Priming of naive T cells in situ with antigen-pulsed murine fibrocytes. Purified BALB/c mouse fibrocytes were cultured for 3 days without (NO PULSE), or with 50 μg/ml of p24 (p24 PULSE), or gp120 (gp120 PULSE) in DME/20% FCS, washed, and injected i.d. (5 × 10⁴ cells) into the right rear footpad. The proximal popliteal lymph nodes were explanted 5 days later, dissociated, and cultured with PBS or 50 μg/ml of p24 or gp120 for 72 hr. To verify the proliferating cell type, CD4⁺ T cells were depleted by immunomagnetic selection just prior to liquid scintillation counting (p24-CD4, gp120-CD4). The proliferative activity was measured over the last 12 hr of culture by [³H]thymidine incorporation. Data are expressed as mean ± SD and are representative of one experiment that was performed three times.

Figure 6

Requirement of shared MHC haplotype between priming fibrocyte and restimulation APC. DBA-2 × C3H/HeJ F₁ mice (H-2^dxk) were injected with antigen-pulsed fibrocytes from either parent strain DBA-2, H-2^d (d) or C3H/HeJ, H-2^k (k). Five days later, the proximal popliteal lymph node cells were isolated and depleted of endogenous class II MHC⁺ APCs by immunomagnetic selection.
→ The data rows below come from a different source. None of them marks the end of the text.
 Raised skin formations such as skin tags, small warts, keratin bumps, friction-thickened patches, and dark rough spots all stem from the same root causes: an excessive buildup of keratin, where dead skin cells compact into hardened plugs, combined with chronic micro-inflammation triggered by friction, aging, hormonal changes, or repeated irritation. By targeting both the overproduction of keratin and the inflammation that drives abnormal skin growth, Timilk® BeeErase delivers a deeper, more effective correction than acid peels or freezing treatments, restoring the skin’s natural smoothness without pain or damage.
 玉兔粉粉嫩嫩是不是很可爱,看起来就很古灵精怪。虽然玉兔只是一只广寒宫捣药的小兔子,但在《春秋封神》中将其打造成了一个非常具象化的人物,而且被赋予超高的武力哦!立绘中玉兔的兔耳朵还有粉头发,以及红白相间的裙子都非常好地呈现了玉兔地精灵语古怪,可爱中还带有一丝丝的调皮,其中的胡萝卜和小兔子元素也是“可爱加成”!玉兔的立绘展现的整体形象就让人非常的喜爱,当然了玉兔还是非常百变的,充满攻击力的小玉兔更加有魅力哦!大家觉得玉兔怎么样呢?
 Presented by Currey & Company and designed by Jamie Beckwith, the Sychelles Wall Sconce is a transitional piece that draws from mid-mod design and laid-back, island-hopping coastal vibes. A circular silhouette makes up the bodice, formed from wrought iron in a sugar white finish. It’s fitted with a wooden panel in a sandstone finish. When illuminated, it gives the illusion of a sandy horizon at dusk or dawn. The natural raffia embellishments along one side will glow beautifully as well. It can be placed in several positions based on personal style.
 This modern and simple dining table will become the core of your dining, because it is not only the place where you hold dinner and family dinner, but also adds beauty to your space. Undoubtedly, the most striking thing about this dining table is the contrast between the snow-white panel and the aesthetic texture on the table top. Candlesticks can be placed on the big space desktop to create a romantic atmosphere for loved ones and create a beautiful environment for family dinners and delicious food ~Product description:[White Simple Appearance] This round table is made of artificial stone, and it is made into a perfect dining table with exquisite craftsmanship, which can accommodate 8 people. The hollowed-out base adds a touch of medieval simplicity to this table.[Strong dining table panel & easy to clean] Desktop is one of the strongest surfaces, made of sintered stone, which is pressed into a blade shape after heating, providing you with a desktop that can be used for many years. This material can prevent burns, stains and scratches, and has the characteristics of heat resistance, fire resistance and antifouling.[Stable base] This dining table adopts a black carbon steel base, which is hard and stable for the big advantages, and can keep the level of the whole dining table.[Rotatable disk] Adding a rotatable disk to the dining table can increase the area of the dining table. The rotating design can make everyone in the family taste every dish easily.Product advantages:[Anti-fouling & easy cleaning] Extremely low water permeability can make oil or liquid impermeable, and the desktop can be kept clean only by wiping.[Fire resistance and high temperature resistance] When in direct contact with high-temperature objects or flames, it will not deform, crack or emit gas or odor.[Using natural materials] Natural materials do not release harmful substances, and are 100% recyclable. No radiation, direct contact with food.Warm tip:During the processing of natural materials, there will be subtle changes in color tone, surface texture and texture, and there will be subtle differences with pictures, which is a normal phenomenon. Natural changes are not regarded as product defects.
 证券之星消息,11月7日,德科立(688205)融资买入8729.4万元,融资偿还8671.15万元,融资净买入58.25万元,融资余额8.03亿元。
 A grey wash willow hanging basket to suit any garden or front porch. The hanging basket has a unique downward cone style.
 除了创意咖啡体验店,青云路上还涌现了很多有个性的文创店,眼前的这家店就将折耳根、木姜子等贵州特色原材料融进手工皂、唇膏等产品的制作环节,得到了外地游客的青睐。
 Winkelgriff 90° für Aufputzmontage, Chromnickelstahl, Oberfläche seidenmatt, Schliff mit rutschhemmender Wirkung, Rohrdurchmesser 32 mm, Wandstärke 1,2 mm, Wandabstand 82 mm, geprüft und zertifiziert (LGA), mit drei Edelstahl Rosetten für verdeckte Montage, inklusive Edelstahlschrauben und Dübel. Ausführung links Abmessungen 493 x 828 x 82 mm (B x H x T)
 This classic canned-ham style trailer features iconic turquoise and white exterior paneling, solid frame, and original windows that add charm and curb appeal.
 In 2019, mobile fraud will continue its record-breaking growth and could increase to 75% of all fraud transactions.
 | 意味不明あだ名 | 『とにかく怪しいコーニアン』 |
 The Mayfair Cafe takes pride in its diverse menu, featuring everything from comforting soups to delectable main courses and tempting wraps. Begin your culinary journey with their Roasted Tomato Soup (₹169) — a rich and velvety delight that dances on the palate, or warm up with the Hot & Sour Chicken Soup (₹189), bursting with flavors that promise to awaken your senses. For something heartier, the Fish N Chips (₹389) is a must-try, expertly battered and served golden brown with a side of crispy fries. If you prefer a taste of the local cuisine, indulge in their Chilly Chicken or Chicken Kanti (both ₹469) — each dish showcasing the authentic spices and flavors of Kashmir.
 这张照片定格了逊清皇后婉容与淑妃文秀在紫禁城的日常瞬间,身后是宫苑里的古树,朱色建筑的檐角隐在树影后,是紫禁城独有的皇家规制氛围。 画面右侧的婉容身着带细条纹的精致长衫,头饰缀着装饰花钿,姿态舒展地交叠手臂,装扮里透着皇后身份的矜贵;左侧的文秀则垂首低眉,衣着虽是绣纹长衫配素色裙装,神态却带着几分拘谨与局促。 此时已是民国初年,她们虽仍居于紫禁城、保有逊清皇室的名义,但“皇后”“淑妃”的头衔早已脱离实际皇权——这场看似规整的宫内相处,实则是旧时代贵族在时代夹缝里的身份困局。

APC-depleted lymph node cells (1 × 10⁵) then were cocultured with 1 × 10⁵ mitomycin C-treated F₁ (dxk) or parental spleen cells (d or k) as restimulation APCs, with or without gp120. The proliferative activity was measured over the last 12 hr of culture by [³H]thymidine incorporation. Data are expressed as mean ± SD and are representative of one experiment that was performed three times.

Figure 7

Coexpression of CD34 and HLA-DR by cells in a human cutaneous tissue scar. Skin specimens were fixed, sectioned, and labeled with both anti-CD34 mAb and anti-HLA-DR mAb. Binding was detected with an immunoperoxidase-linked (anti-CD34) and an alkaline phosphatase-linked (anti-HLA-DR) secondary antibody. The anti-CD34 positive areas appear brown and granular and the anti-HLA-DR positive regions stain red. The isotype control displays no immunoreactivity. [×200 (A); ×1,000 (B and C).]